START DATA SECTION
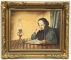 19th C. Burl Wood Snuff Box with Hand Painted Portrait
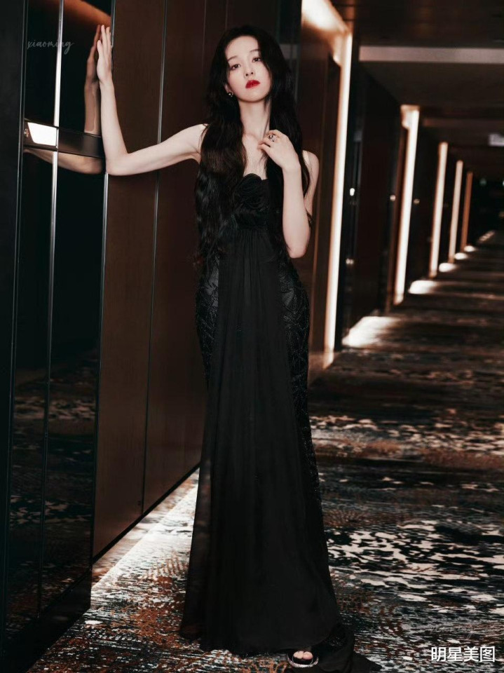 米兰体育官网 陈齐灵墨发垂落黑裙勾画, 红唇慵懒目光疏离, 撩东谈主韵味我方品
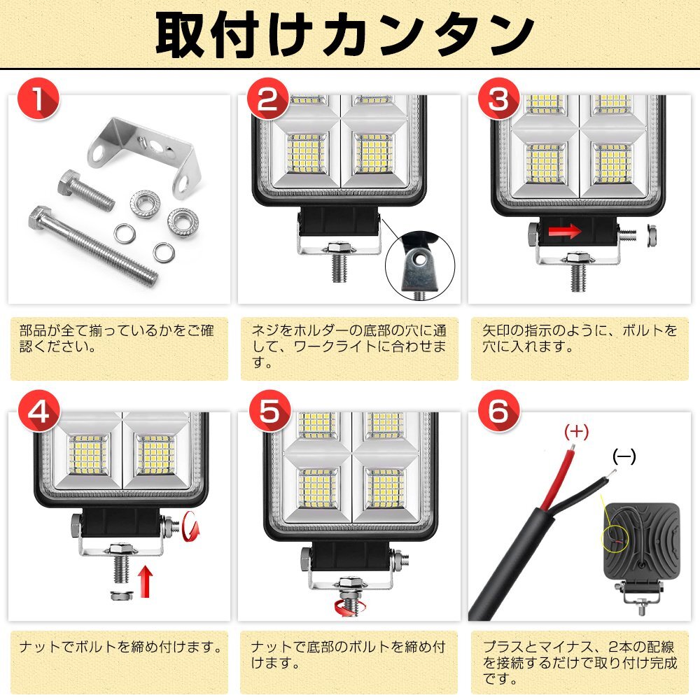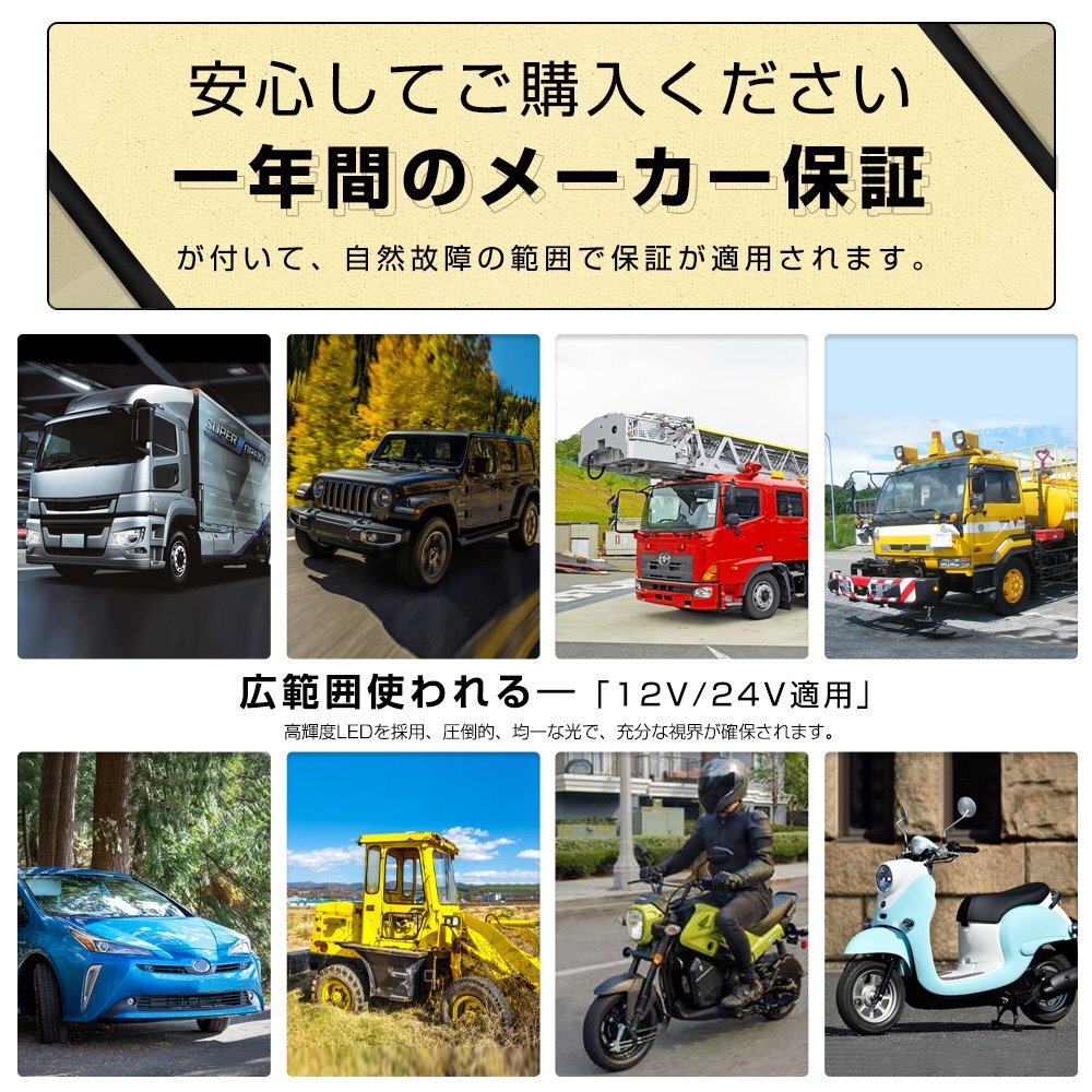 超高効率LEDで眩しいほどの明るさを実現しました! 「高輝度」、「全方面拡散」、「低電力」、「長寿命」などの特性を持ちながら、値段もそんなに高くありません! ◆高品質LED採用: 高品質LEDチップが採用されており、均一な発光、バラツキを抑えて、より幅広い範囲を照明できます。太陽光線と同じ色温度の6000Kのライトなので、夜の作業も快適に行えます。 ◆優れた放熱性: アルミ基板なので、高温にも耐えられる非常に優れた耐熱性・放熱性を実現!! さらに強い耐食性と一定の絶縁性を持って、とっても便利です。 ◆取り付け簡単: 取付用金具が付いていて、2本配線するだけの簡単接続仕様。また、LEDワークライトの上下角度は180度調整出来るようになっており、適度な角度で明るく照らし、快適に作業していただけます。 ◆角度調整可能: 便利に調整可能なブラケットを添付しますので、作業灯を45°程調整できます。 ◆広い使用範囲: トラックの荷台用の照明、フォークリフトのライト、除雪車のライト、海苔漁の常夜灯、シラス漁の常夜灯、漁船の作業用ライト、トラクターのライト、夜釣りの照明・集魚ライト、漁業用、農業機械用、建設機械等作業用としてご使用いただけます。また、災害時の備えとしても、交通整理や工事現場など様々な場面でも活躍できます。 【保証】 ◆当商品は12っヶ月保証となります。 ◆お届けから1週間以内にご連絡のあった不良品の保証対応の送料は当方が負担いたします。 ◆保証期間内の不良品ですが、交換のみ対応しております。往復送料はお客様負担となります。在庫がない時だけ返金しますので、ご了承ください。 |
END DATA SECTION
REQUIRED WORK | For each line above, output its wording exactly and leave out any picture.

EXERCISE OUTPUT |
 19th C. Burl Wood Snuff Box with Hand Painted Portrait
 米兰体育官网 陈齐灵墨发垂落黑裙勾画, 红唇慵懒目光疏离, 撩东谈主韵味我方品
 超高効率LEDで眩しいほどの明るさを実現しました! 「高輝度」、「全方面拡散」、「低電力」、「長寿命」などの特性を持ちながら、値段もそんなに高くありません! ◆高品質LED採用: 高品質LEDチップが採用されており、均一な発光、バラツキを抑えて、より幅広い範囲を照明できます。太陽光線と同じ色温度の6000Kのライトなので、夜の作業も快適に行えます。 ◆優れた放熱性: アルミ基板なので、高温にも耐えられる非常に優れた耐熱性・放熱性を実現!! さらに強い耐食性と一定の絶縁性を持って、とっても便利です。 ◆取り付け簡単: 取付用金具が付いていて、2本配線するだけの簡単接続仕様。また、LEDワークライトの上下角度は180度調整出来るようになっており、適度な角度で明るく照らし、快適に作業していただけます。 ◆角度調整可能: 便利に調整可能なブラケットを添付しますので、作業灯を45°程調整できます。 ◆広い使用範囲: トラックの荷台用の照明、フォークリフトのライト、除雪車のライト、海苔漁の常夜灯、シラス漁の常夜灯、漁船の作業用ライト、トラクターのライト、夜釣りの照明・集魚ライト、漁業用、農業機械用、建設機械等作業用としてご使用いただけます。また、災害時の備えとしても、交通整理や工事現場など様々な場面でも活躍できます。 【保証】 ◆当商品は12っヶ月保証となります。 ◆お届けから1週間以内にご連絡のあった不良品の保証対応の送料は当方が負担いたします。 ◆保証期間内の不良品ですが、交換のみ対応しております。往復送料はお客様負担となります。在庫がない時だけ返金しますので、ご了承ください。 |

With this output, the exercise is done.